Кондауров ещё после того, памятного ему первого рейса на «Крузенштерне», когда силой своей воли и грамотными действиями опытного боцмана, он сумел преодолеть её острую фазу, заинтересовался темой «морской болезни». Он «перелопатил» массу литературы. Выводы специалистов примерял на себя, сравнивая их со своими ощущениями. И абсолютно согласился с основными из них.
Специалисты по физике моря установили совершенно достоверно, что все эти неприятные проявления вызваны явлением, называемым «голосом моря». Это определение ввёл русский учёный, академик Василий Шулейкин ещё в середине прошлого века. В результате тщательных, долгих исследований и экспериментов он установил, что в результате мощных перемещений воздушных масс над обширными морскими просторами, за гребнями разогнанных волн образуются некие завихрения, генерирующие инфразвуковые колебания, которые с огромной скоростью распространяются на сотни и тысячи миль.

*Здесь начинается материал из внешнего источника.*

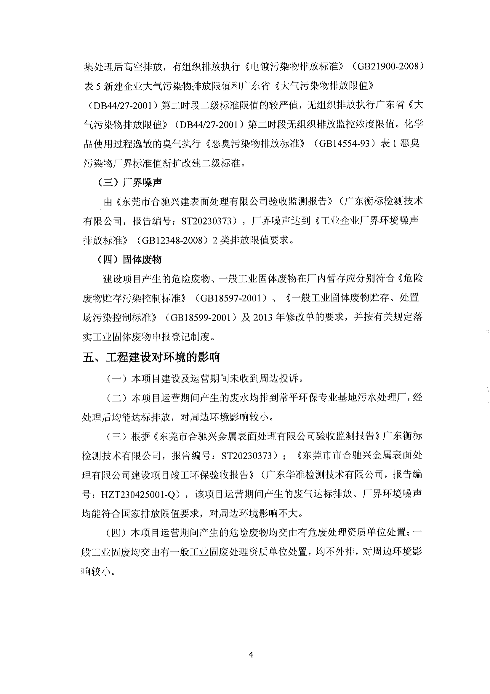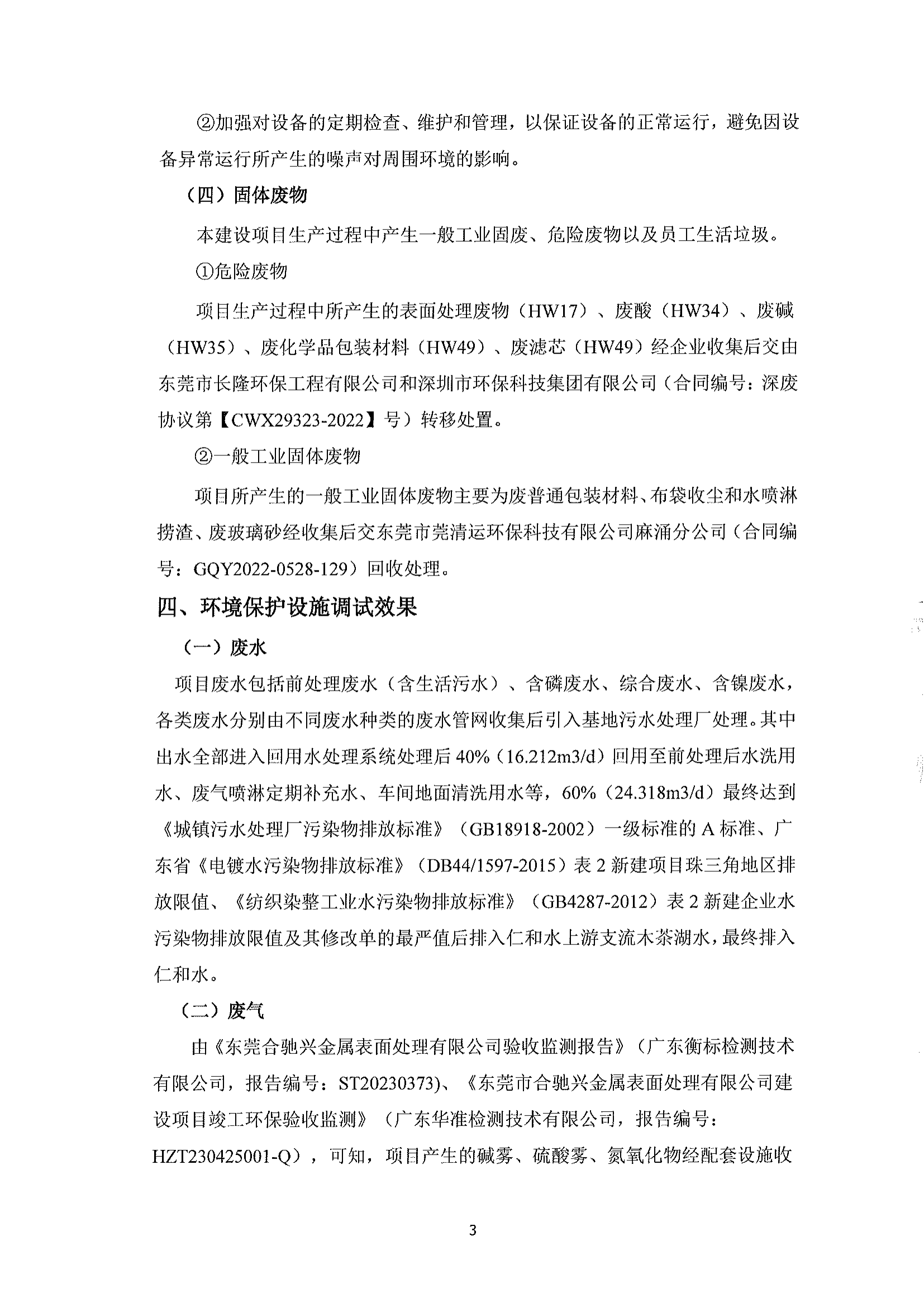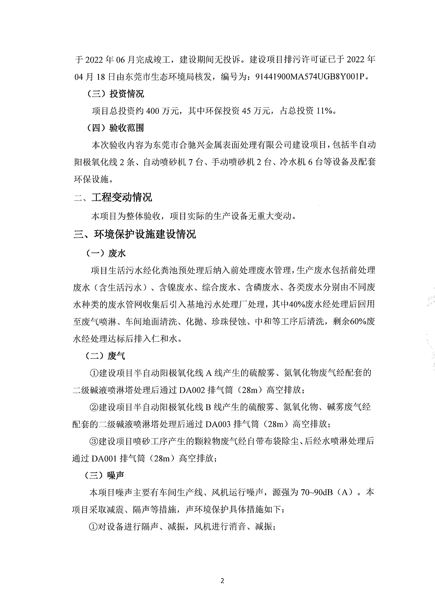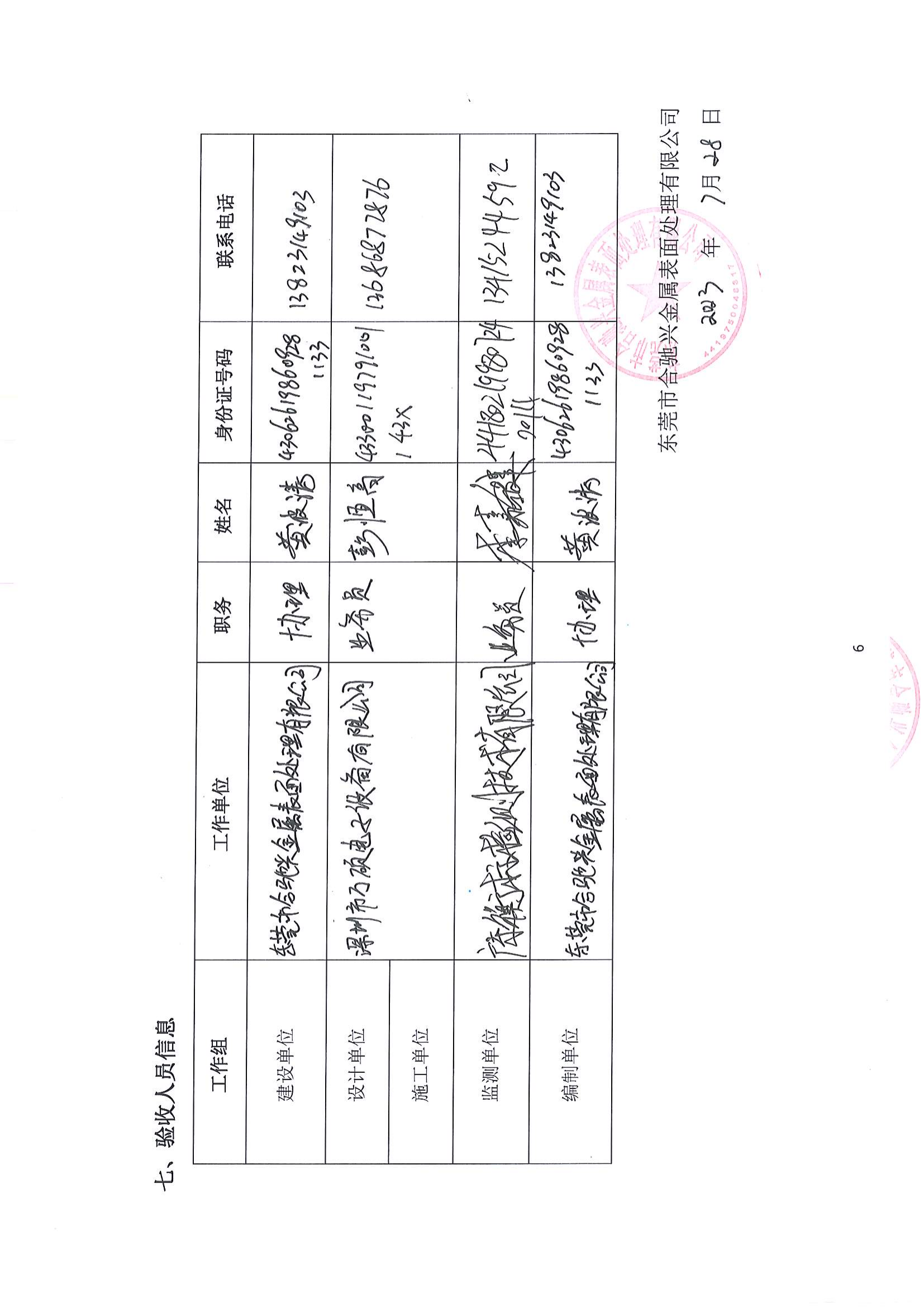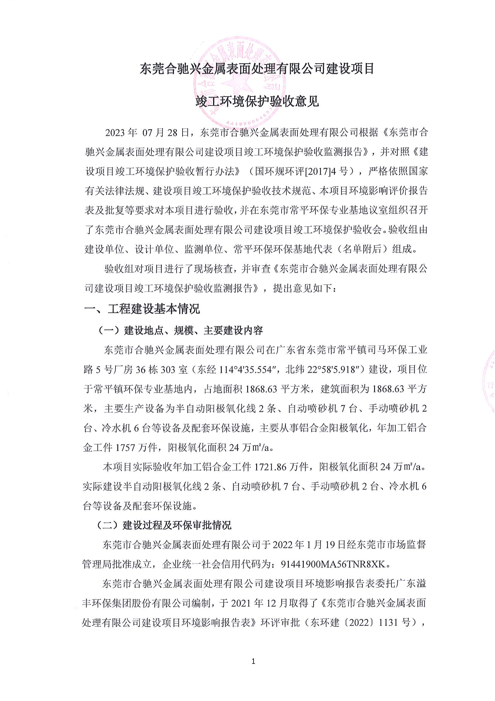 東莞市合馳興金屬表面處理有限公司驗收意見

Это и есть «голос моря». Эксперименты других исследователей физики моря впоследствии подтвердили гипотезу русского учёного. Был создан даже прибор, который за несколько часов предупреждал о надвигающемся шторме.
Учёные установили, что сверхнизкие колебания для человека смертельно опасны. Люди, облучаемые инфразвуком, порой впадают в панику, страдают от нестерпимой головной боли и могут даже терять рассудок. При частоте 7 Гц наступает резонанс всего организма: желудок, сердце, лёгкие колеблются «как сумасшедшие». Иногда мощные звуки даже разрывают кровеносные сосуды. В истории известен эксперимент англосаксов, когда в начале века, во время спектакля в одном из Лондонских театров, желая усилить у зрителей эффект тревоги, они включили устройство, излучающее инфразвук. Ребята перестарались. Зрители в панике и ужасе бежали из зала.
Академик Шулейкин полагал, что разгадал таинственные случаи с некоторыми судами, когда их обнаруживали совершенно целыми, но покинутыми своими экипажами. Например, трагедию с парусником «Мария Целеста» в 1872 году, обнаруженной английским бригом в 600 милях к западу от Гибралтарского пролива, безвольно дрейфовавшего по воле ветра и волн. Судно было оставлено экипажем. Поднявшись на борт, моряки обнаружили, что в капитанской каюте на столе лежали карты и лоции. В матросском кубрике царил порядок, все койки были аккуратно застелены, все сундуки с нехитрым матросским скарбом целы, а на столе лежали недокуренные трубки. Создавалось впечатление, что моряки совсем недавно и ненадолго куда-то вышли. К тому же на камбузе обнаружили большой запас пресной воды, муки, солонины, картофеля, овощей и испечённый хлеб. Однако спасательных шлюпок на судне не было. Шулейкин полагал, что могло произойти совпадение резонансной частоты колебаний корпуса судна и его рангоута с частотой воздействующих на него инфразвуковых волн. В этом случае судно могло усилить сигнал, от которого моряков охватил ужас, и они покинули судно.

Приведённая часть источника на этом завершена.